--- INFORMATION PROVIDED ---
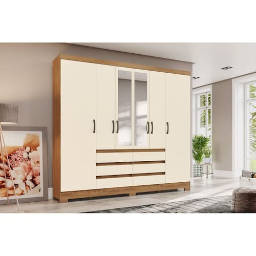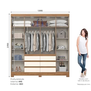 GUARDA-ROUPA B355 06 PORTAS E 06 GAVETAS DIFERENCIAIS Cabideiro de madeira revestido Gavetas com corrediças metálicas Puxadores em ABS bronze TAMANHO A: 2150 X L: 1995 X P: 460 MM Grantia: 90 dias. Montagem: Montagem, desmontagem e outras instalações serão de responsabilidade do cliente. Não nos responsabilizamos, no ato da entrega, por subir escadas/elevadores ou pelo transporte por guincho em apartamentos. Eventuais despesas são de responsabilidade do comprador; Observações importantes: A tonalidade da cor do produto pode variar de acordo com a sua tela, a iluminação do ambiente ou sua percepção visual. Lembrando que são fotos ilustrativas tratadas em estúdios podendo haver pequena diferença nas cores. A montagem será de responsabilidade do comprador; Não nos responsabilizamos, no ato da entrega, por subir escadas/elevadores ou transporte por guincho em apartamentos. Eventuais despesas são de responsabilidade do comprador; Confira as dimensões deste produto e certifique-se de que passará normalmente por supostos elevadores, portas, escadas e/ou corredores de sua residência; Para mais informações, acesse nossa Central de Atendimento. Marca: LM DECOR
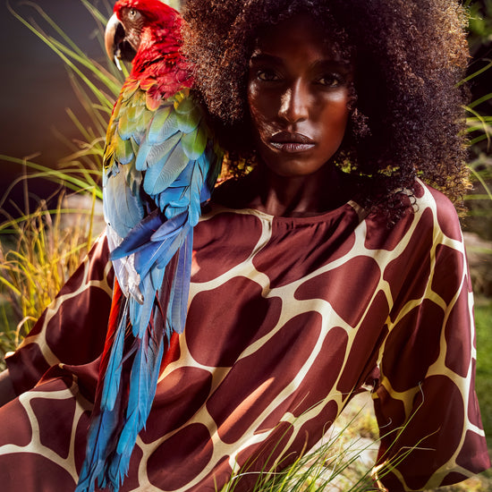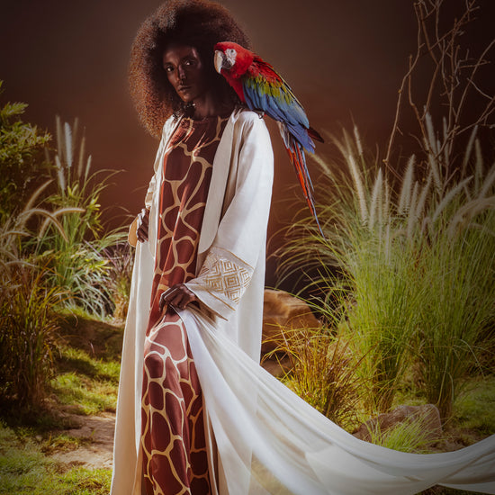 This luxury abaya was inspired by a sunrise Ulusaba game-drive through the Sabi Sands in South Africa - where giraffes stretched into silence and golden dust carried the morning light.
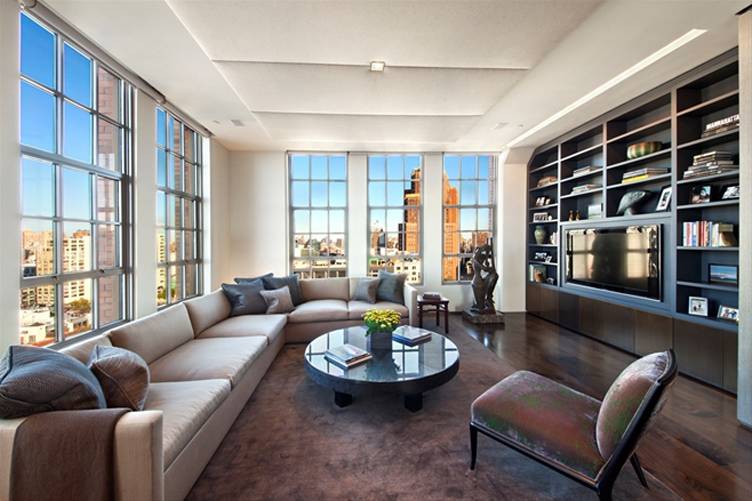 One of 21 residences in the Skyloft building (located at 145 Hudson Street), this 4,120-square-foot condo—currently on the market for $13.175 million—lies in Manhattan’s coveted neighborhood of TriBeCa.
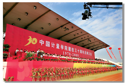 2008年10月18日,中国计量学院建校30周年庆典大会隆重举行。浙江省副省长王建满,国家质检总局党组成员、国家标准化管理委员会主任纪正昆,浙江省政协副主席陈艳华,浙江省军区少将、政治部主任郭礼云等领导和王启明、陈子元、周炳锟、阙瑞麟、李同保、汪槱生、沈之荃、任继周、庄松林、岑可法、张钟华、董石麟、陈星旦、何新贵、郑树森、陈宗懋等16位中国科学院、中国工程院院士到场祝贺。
---
» PROBLEM DETAILS:
Reproduce the data verbatim and omit each image.

» RESPONSE AREA:
 GUARDA-ROUPA B355 06 PORTAS E 06 GAVETAS DIFERENCIAIS Cabideiro de madeira revestido Gavetas com corrediças metálicas Puxadores em ABS bronze TAMANHO A: 2150 X L: 1995 X P: 460 MM Grantia: 90 dias. Montagem: Montagem, desmontagem e outras instalações serão de responsabilidade do cliente. Não nos responsabilizamos, no ato da entrega, por subir escadas/elevadores ou pelo transporte por guincho em apartamentos. Eventuais despesas são de responsabilidade do comprador; Observações importantes: A tonalidade da cor do produto pode variar de acordo com a sua tela, a iluminação do ambiente ou sua percepção visual. Lembrando que são fotos ilustrativas tratadas em estúdios podendo haver pequena diferença nas cores. A montagem será de responsabilidade do comprador; Não nos responsabilizamos, no ato da entrega, por subir escadas/elevadores ou transporte por guincho em apartamentos. Eventuais despesas são de responsabilidade do comprador; Confira as dimensões deste produto e certifique-se de que passará normalmente por supostos elevadores, portas, escadas e/ou corredores de sua residência; Para mais informações, acesse nossa Central de Atendimento. Marca: LM DECOR
 This luxury abaya was inspired by a sunrise Ulusaba game-drive through the Sabi Sands in South Africa - where giraffes stretched into silence and golden dust carried the morning light.
 One of 21 residences in the Skyloft building (located at 145 Hudson Street), this 4,120-square-foot condo—currently on the market for $13.175 million—lies in Manhattan’s coveted neighborhood of TriBeCa.
 2008年10月18日,中国计量学院建校30周年庆典大会隆重举行。浙江省副省长王建满,国家质检总局党组成员、国家标准化管理委员会主任纪正昆,浙江省政协副主席陈艳华,浙江省军区少将、政治部主任郭礼云等领导和王启明、陈子元、周炳锟、阙瑞麟、李同保、汪槱生、沈之荃、任继周、庄松林、岑可法、张钟华、董石麟、陈星旦、何新贵、郑树森、陈宗懋等16位中国科学院、中国工程院院士到场祝贺。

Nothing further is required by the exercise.